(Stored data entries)
= = = = =
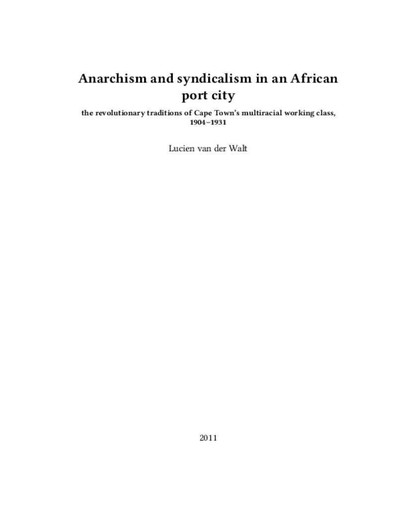 Zine Anarchism and syndicalism in an African port city Author: Lucien van der WaltPublished: 2011Language: enCatalog: The Anarchist Library36 pages. Read online: html • pdf •imposed pdf • a4 pdf • epub • muse • tex Share: We mail all zines to incarcerated people for free.
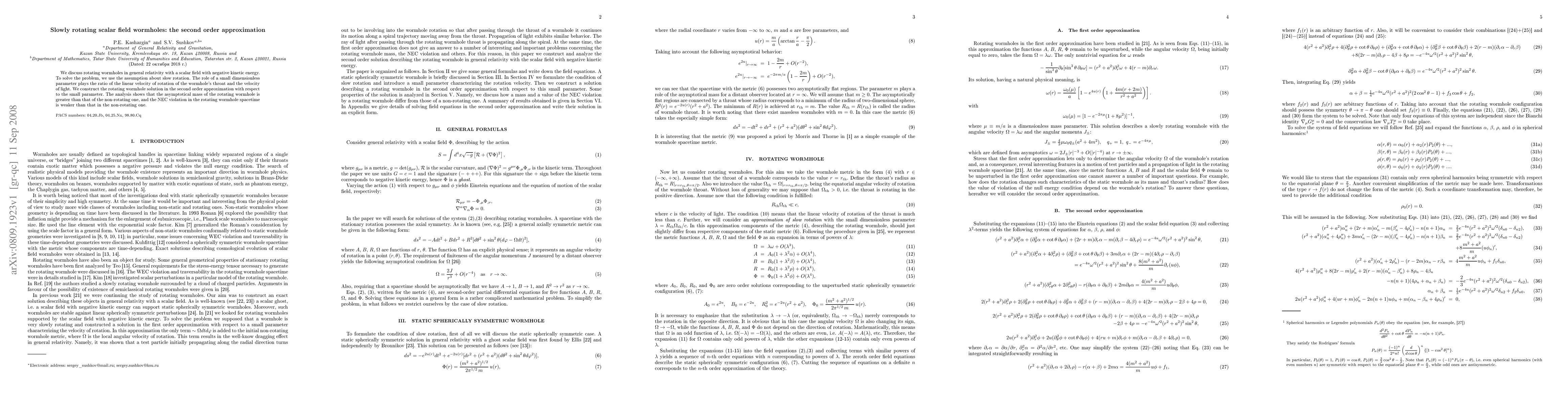 This paper explores rotating wormholes in general relativity driven by a scalar field with negative kinetic energy, assuming slow rotation. It constructs a solution in the second-order approximation, revealing that the asymptotic mass of the rotating wormhole is greater than that of a non-rotating one, and the NEC violation is weaker in the rotating case.
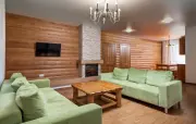 4 | три 2-спальные | 300 м2 1 этаж: гостиная, вешалка, камин, столик, диван, телевизор, стол, стулья, кухонная зона с мини-холодильником, микроволновка, чайник две спальные комнаты: прикроватные тумбочки с бра 2 этаж: спальная комната: прикроватные тумбочки с бра, письменный стол, стул, в двух спальнях диван и телевизор, вешалки |
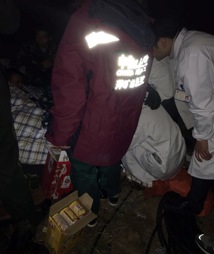 天然溶洞洞口狭小,仅一人高、两人并排宽,里面积水深。两名消防救援人员由于连续在湿冷的环境中工作,出现了虚脱现象。医疗救援队马上对他们进行医疗救援,为他们换上干衣服,测血压,喝温水,其中一名在现场就情况好转无恙,另一名好转后至附近医院继续治疗。救治过程中,肖饶军和江丽迅速准确的急救技术、和蔼可亲的沟通能力,赢得在场官兵和指挥中心的认可。 救援期间,消防救援人员轮换进入溶洞,溶洞里黑暗,洞壁、水里的石头容易擦伤皮肤。医务人员细致地为他们处理小伤口。下午三点多,一批救援人员被轮换出来,饥肠辘辘,此时饭点已过,体力也不支了,医疗救援人员赶紧拿出输液用糖水分发给消防人员喝,避免低血糖情况,增加热量,保障救援人员的体力。 时间一点一滴过去,天色渐渐暗下来,救援还在持续。救援队倪坚积极帮助现场应急组搭建帐篷,运送急救所需物资。晚上临近十一点,萍乡市人民医院和二医院的医疗救援队也来到了现场。医务人员时刻待命,轮流着就地休息,小眯一会。 一直到今日凌晨3点多,从指挥部得知已联系上被困人员,医疗救援队人员精神一振。不久,最后五名被困人员被陆续救出。经医生检查,三名专业岩洞工作人员身体状况还好,两名摄影师有些虚弱,给予专业医疗救助后也无大碍。 凌晨五点多,救援任务圆满完成。“最辛苦的还是进洞里救援的消防队员,相比而言,我们做得比较少。”参与此次救援的肖饶军说。
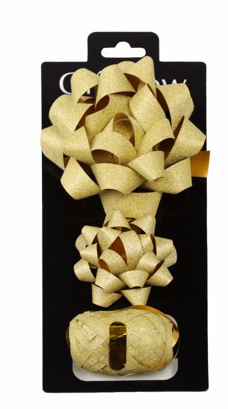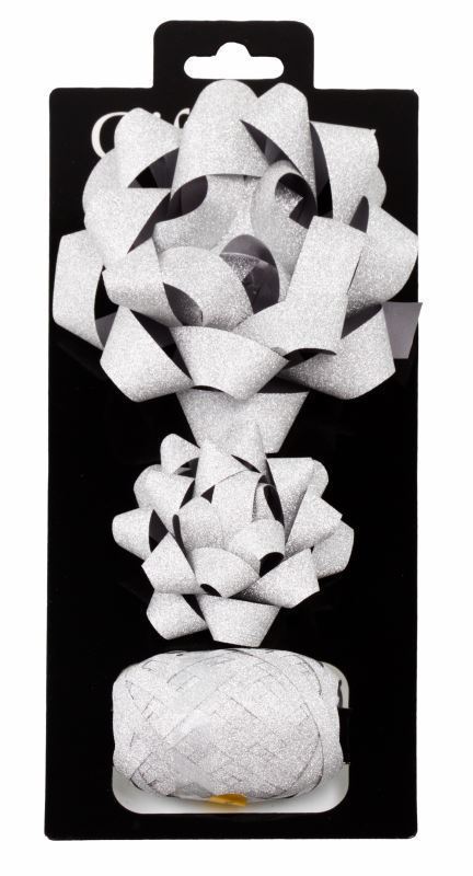 2 rozety a stuha klubíčko Glitrovaná sada k balení dárků
= = = = =
WORK INSTRUCTION: Transcribe the entries from their first line to the line that holds "4 | три 2-спальные", both included, and skip every picture.

ANSWER SECTION:
 Zine Anarchism and syndicalism in an African port city Author: Lucien van der WaltPublished: 2011Language: enCatalog: The Anarchist Library36 pages. Read online: html • pdf •imposed pdf • a4 pdf • epub • muse • tex Share: We mail all zines to incarcerated people for free.
 This paper explores rotating wormholes in general relativity driven by a scalar field with negative kinetic energy, assuming slow rotation. It constructs a solution in the second-order approximation, revealing that the asymptotic mass of the rotating wormhole is greater than that of a non-rotating one, and the NEC violation is weaker in the rotating case.
 4 | три 2-спальные | 300 м2 1 этаж: гостиная, вешалка, камин, столик, диван, телевизор, стол, стулья, кухонная зона с мини-холодильником, микроволновка, чайник две спальные комнаты: прикроватные тумбочки с бра 2 этаж: спальная комната: прикроватные тумбочки с бра, письменный стол, стул, в двух спальнях диван и телевизор, вешалки |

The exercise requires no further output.